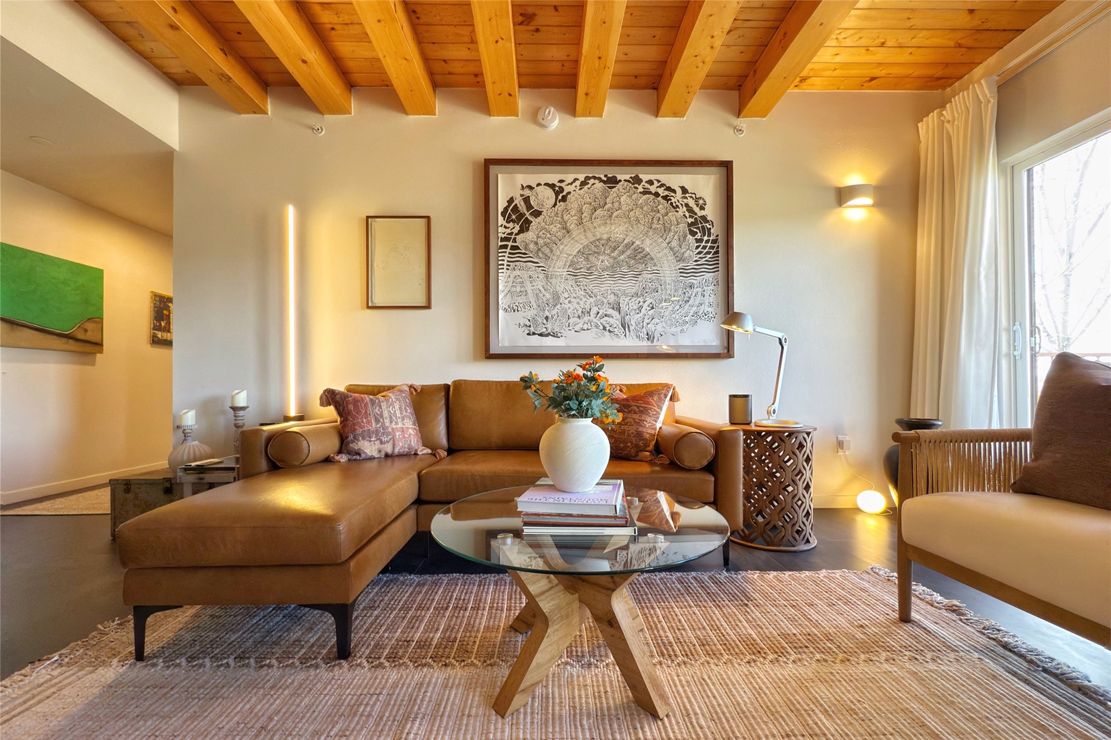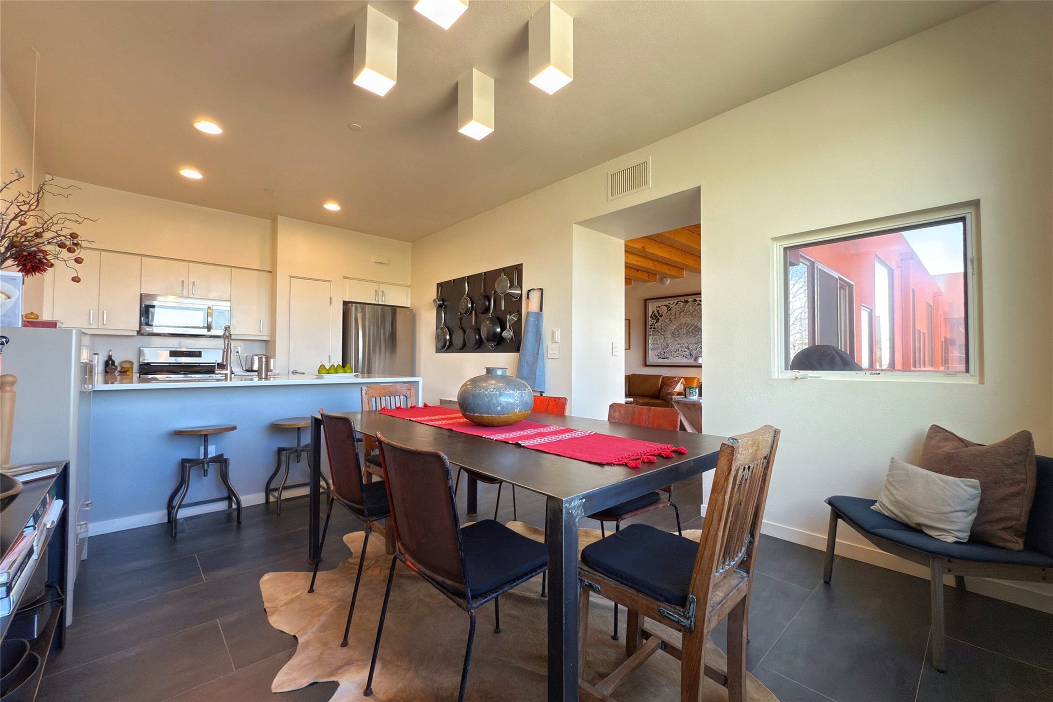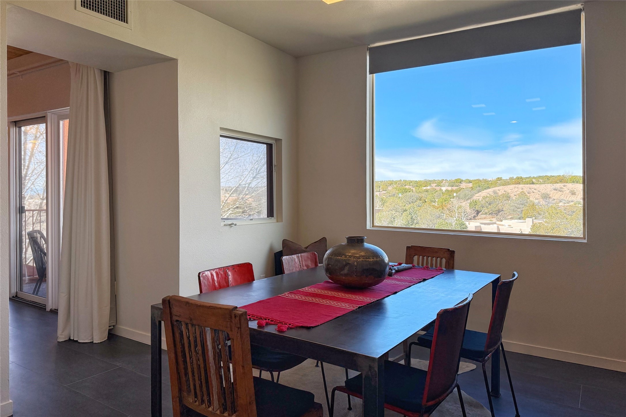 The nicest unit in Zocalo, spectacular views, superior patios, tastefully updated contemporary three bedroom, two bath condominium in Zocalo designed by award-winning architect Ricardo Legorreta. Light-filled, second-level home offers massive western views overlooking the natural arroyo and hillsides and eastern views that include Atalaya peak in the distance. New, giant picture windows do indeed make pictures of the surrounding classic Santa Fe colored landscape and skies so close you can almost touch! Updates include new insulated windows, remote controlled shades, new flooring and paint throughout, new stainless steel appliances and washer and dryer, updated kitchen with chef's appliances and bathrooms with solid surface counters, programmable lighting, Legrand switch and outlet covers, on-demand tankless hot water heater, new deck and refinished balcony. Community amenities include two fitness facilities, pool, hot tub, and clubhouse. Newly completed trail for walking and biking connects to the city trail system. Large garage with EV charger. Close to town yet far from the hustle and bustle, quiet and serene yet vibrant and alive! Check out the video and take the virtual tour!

* * *

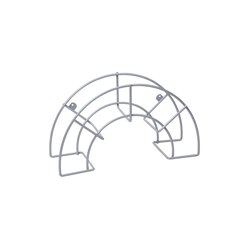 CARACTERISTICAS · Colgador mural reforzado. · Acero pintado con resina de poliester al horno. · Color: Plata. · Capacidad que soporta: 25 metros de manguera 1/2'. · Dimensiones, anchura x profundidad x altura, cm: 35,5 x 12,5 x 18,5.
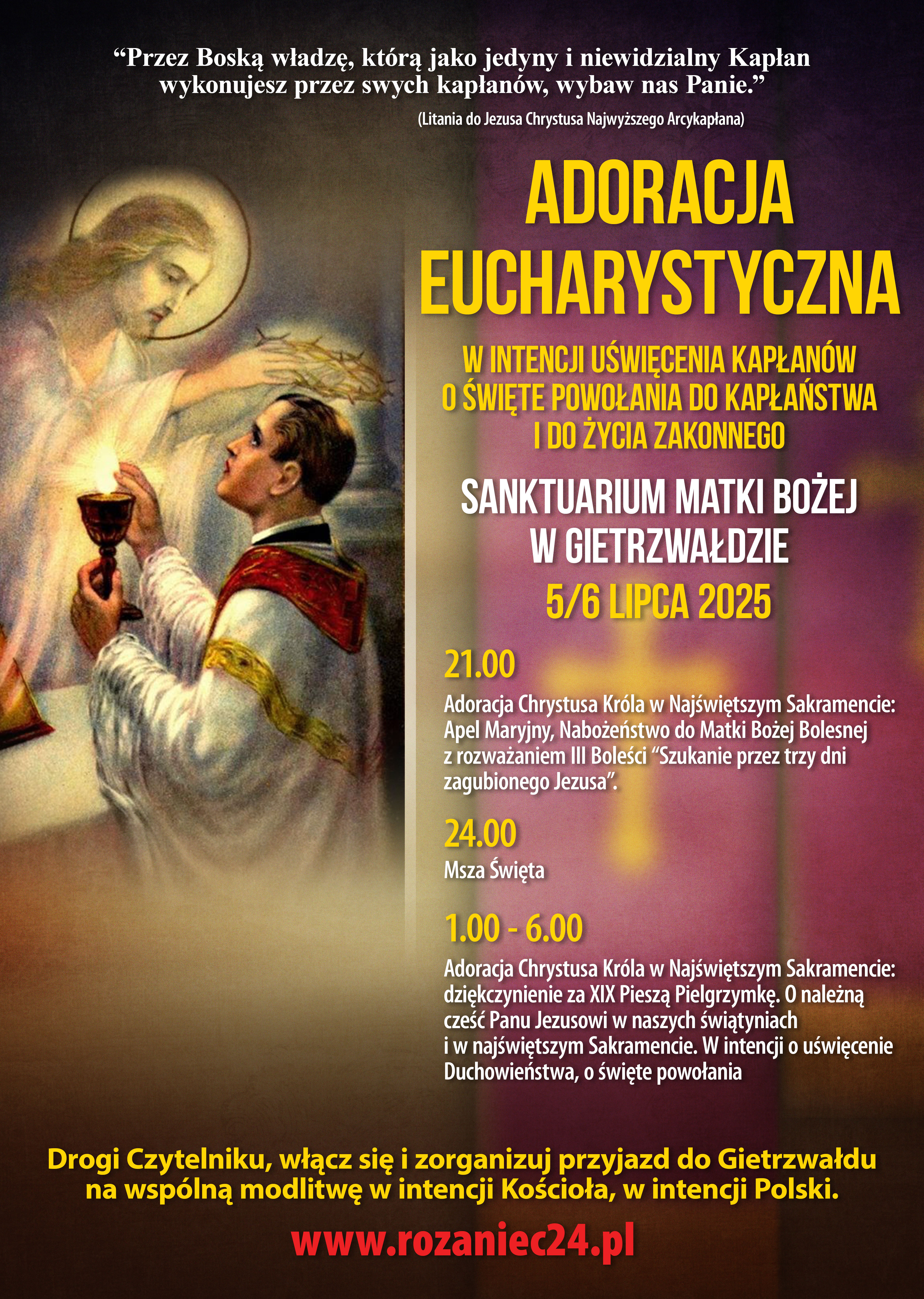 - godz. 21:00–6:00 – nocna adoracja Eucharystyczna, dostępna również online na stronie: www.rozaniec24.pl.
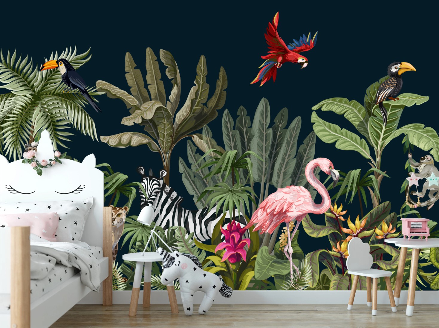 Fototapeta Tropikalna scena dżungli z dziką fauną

-- What is required --
Only the lines above from the one with "CARACTERISTICAS · Colgador" to the one with "Fototapeta Tropikalna scena" should be printed, both included and exactly as written; no picture belongs in the copy.

-- The completed task --
 CARACTERISTICAS · Colgador mural reforzado. · Acero pintado con resina de poliester al horno. · Color: Plata. · Capacidad que soporta: 25 metros de manguera 1/2'. · Dimensiones, anchura x profundidad x altura, cm: 35,5 x 12,5 x 18,5.
 - godz. 21:00–6:00 – nocna adoracja Eucharystyczna, dostępna również online na stronie: www.rozaniec24.pl.
 Fototapeta Tropikalna scena dżungli z dziką fauną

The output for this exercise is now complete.